Not only this, but one of the grounds on which Judge Barniville found in favour of CHASE was that of “objective bias”, that a member of An Bord Pleanála had previously worked for a firm of consultants employed by Indaver on waste policy.

Zoë Fitzpatrick pictured second from the right, front row.
Zoë Fitzpatrick pictured second from the right, front row.

Another court date has been set: on June 8, the judge will decide whether to quash the application, or whether to allow Indaver to take their application back to An Bord Pleanála again.

Has Zoë’s life-long connection to this unfolding saga influenced her sense of justice, or any scepticism she might have about how our public institutions work?

“You have to understand that when I was young, it was normal,” she says. 

“It was like, ‘what are we doing this weekend? Oh, we’re going to this fundraiser or that protest’. I think it’s only really in the past few years that I’ve understood what was happening.

“And it got crazier and crazier: you think, could they really make this decision? And then they do. After the amount that this community has demonstrated its opposition, and it gets ruled the other way, and you’re just, like... ‘how?’ It would definitely made me question who is making those decisions and why.”

Zoë’s environmental docu-poem is something of a change of direction for her: following two years studying film in St John’s and a further year at the University of Brighton, she was predominantly interested in making short dramas and music videos, and was doing some corporate work too.

But, during the year of lockdowns and restrictions that was 2020, A Community, Fighting gave her a project she could work on alone, mostly editing pre-existing archive material and working on developing new skills in areas like sound design.

Released in January via social media channels, the film has garnered an “overwhelming” response, she says.
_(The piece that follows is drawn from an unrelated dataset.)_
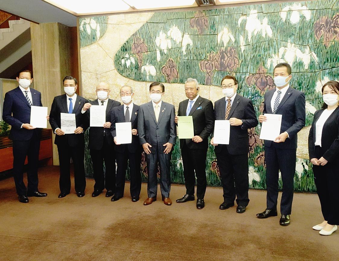愛知県の自動車産業に関連する経済、労働、自動車ユーザー団体など8団体の代表者らが愛知県公館(名古屋市中区)を訪れ、大村秀章愛知県知事に対して、自動車諸税に関する要望書を手渡した=写真。要望書は自動車の関連税負担軽減や補助金による購入支援な...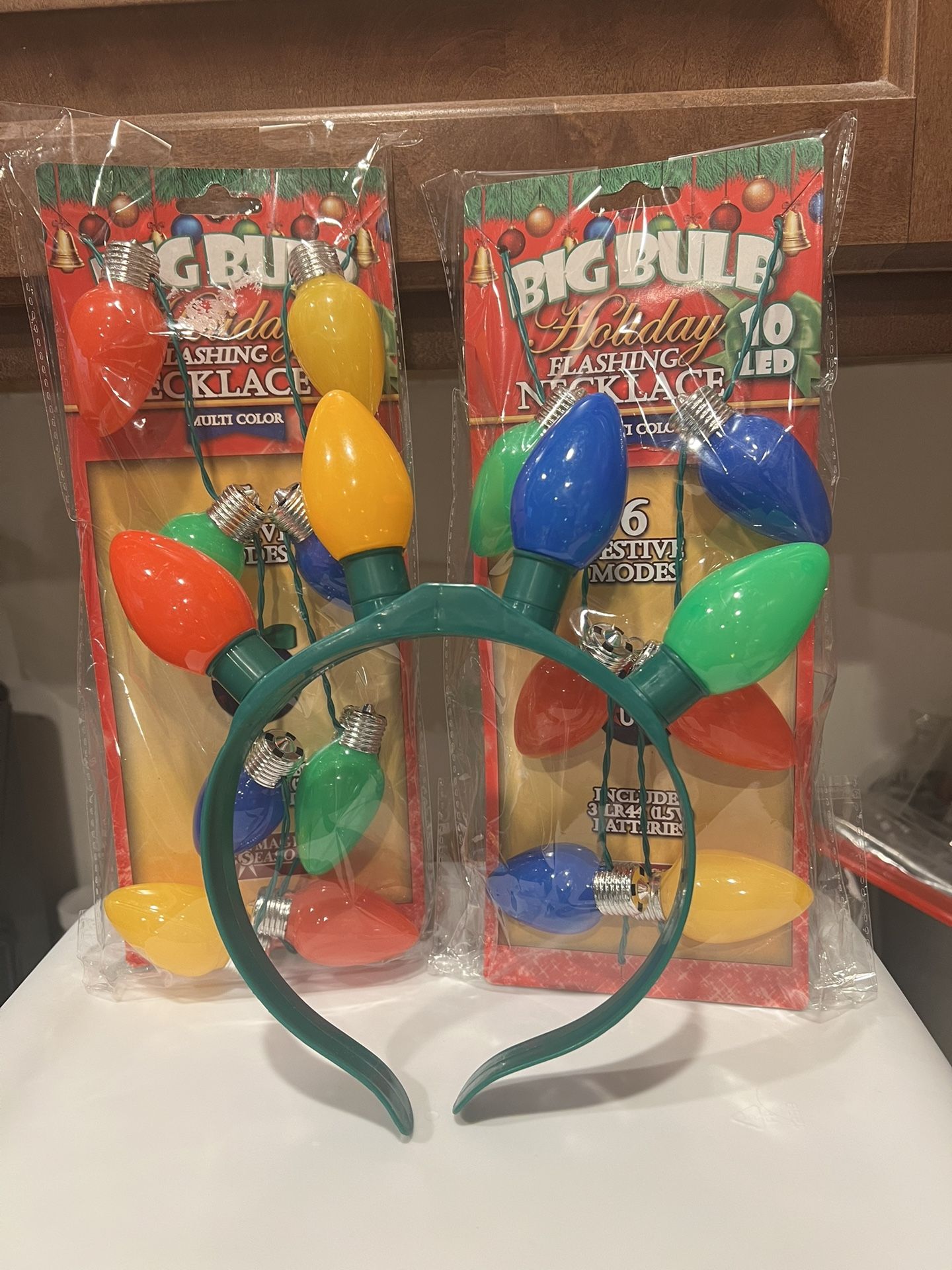 Brand New Set Of 3 Big Bulb Christmas Holiday Light Up Necklaces & Headband

Now, it can reach an international audience: it has been selected for both Toronto International Women’s Film Festival and a Best Shorts International Competition.

“I definitely think that the internet lets you access the space that you need to get your voice heard,” she says. “There’s a film festival for basically every niche now. My film will be in the environmental category at the Toronto festival. It’s good to know there are people out there watching.”